Source: Bloomberg BusinessWeek
Conclusion: there is not much money to be had.
Bandwidth component of the cost varies a lot by the user’s location. On average, over lifetime of a server, 40% cost is the upfront investment, 40% is bandwidth and 20% is power.
Access control, as most things are copyrighted
10k servers just for logging accesses
Sometimes CP backs off from publishing something and orders it nuked from caches
How it works
First layer of DNS just decides which cluster the user goes to
Second layer of DNS decides the exact server
- these servers are located within the cluster
Worst case of DNS lookup is 16 steps
- TTL for first layer is in the order of tens of minutes
- TTL for the second layer is 30 seconds
- But sometimes the users do not respect that
Normally there is no pre-fetching in the whole network
- If Microsoft wants to get a Windows Update into the caches before telling computers to download, they can just put it on own servers and request for it
- There is a push system, but not for content (e.g. for purge commands)
Cache favors small objects, as this is where it is important to have small delay (nobody cares if movie starts downloading 1 second later, but the banner with company name should be there immediately)
When live streaming, regional caches pull multiple copies of streams, battling packet losses (they can reconstruct full stream this way)
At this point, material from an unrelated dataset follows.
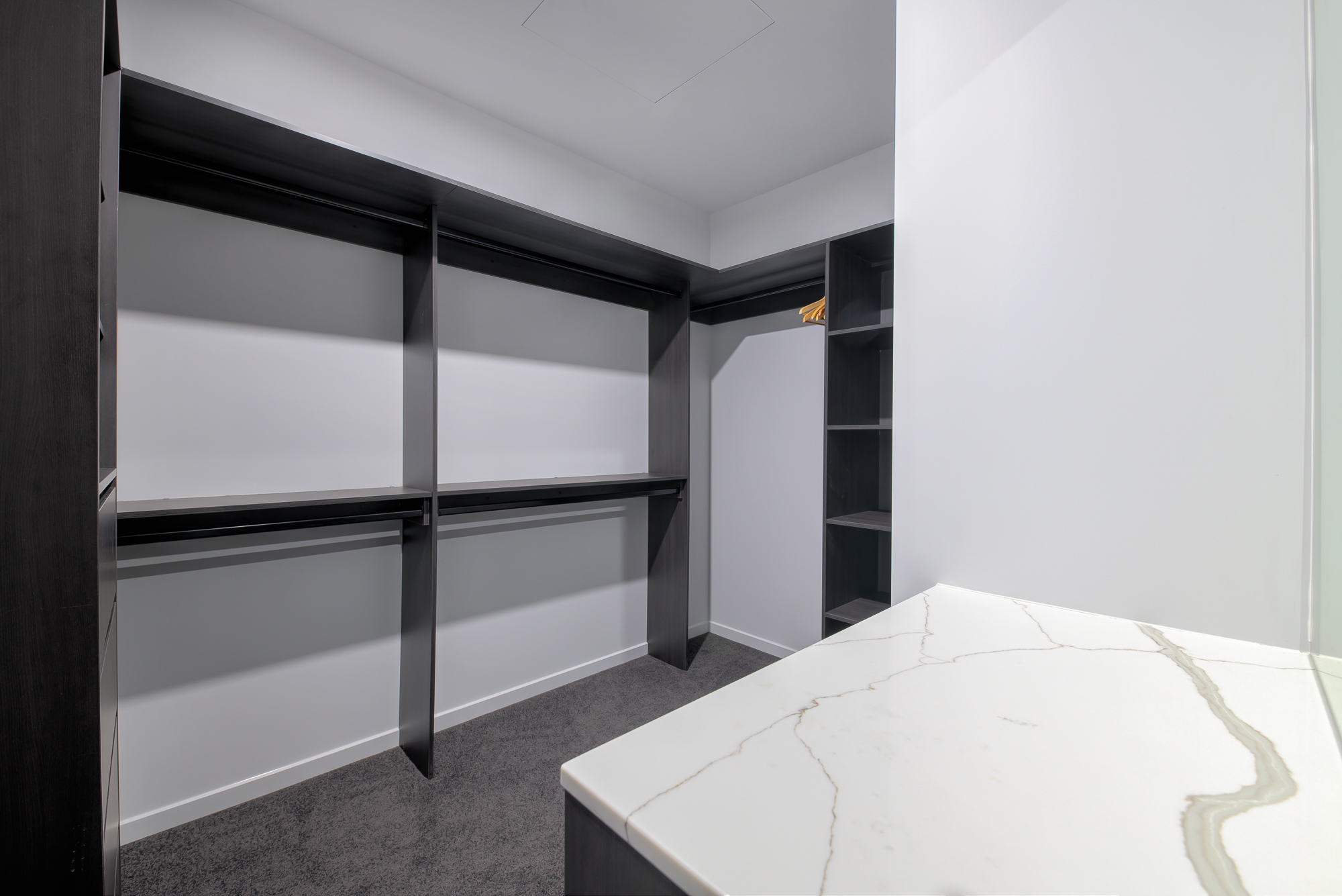 • Showpiece kitchen with sleek black stone benchtops, dual ovens, induction cooking, and an integrated dishwasher

Servers are paired, when one of them dies, the buddy is suspended so the traffic will not get stuck with two dead servers
Where the money is
You don’t make money on moving bits through Internet any more.
Level 3 set the price of bandwidth so low, that Akamai is looking for a way to back off from providing Netflix. Netflix is also building their own backbone and CDN.
People pay for website acceleration, it’s hard to reduce latency without global deployment
“Intelligence” about end users, they have agreements that the customer owns the information collected about its users (so it’s never sold to the competition)
Protection, although nobody cares about that until they get seriously attacked, “we never attacked anybody on purpose” ;)
Engineering expertise, rapid software changesm customer support
CDN and CCN
CDN’s business is more and more in application layer, does not care all that much about moving bytes anymore (low margin)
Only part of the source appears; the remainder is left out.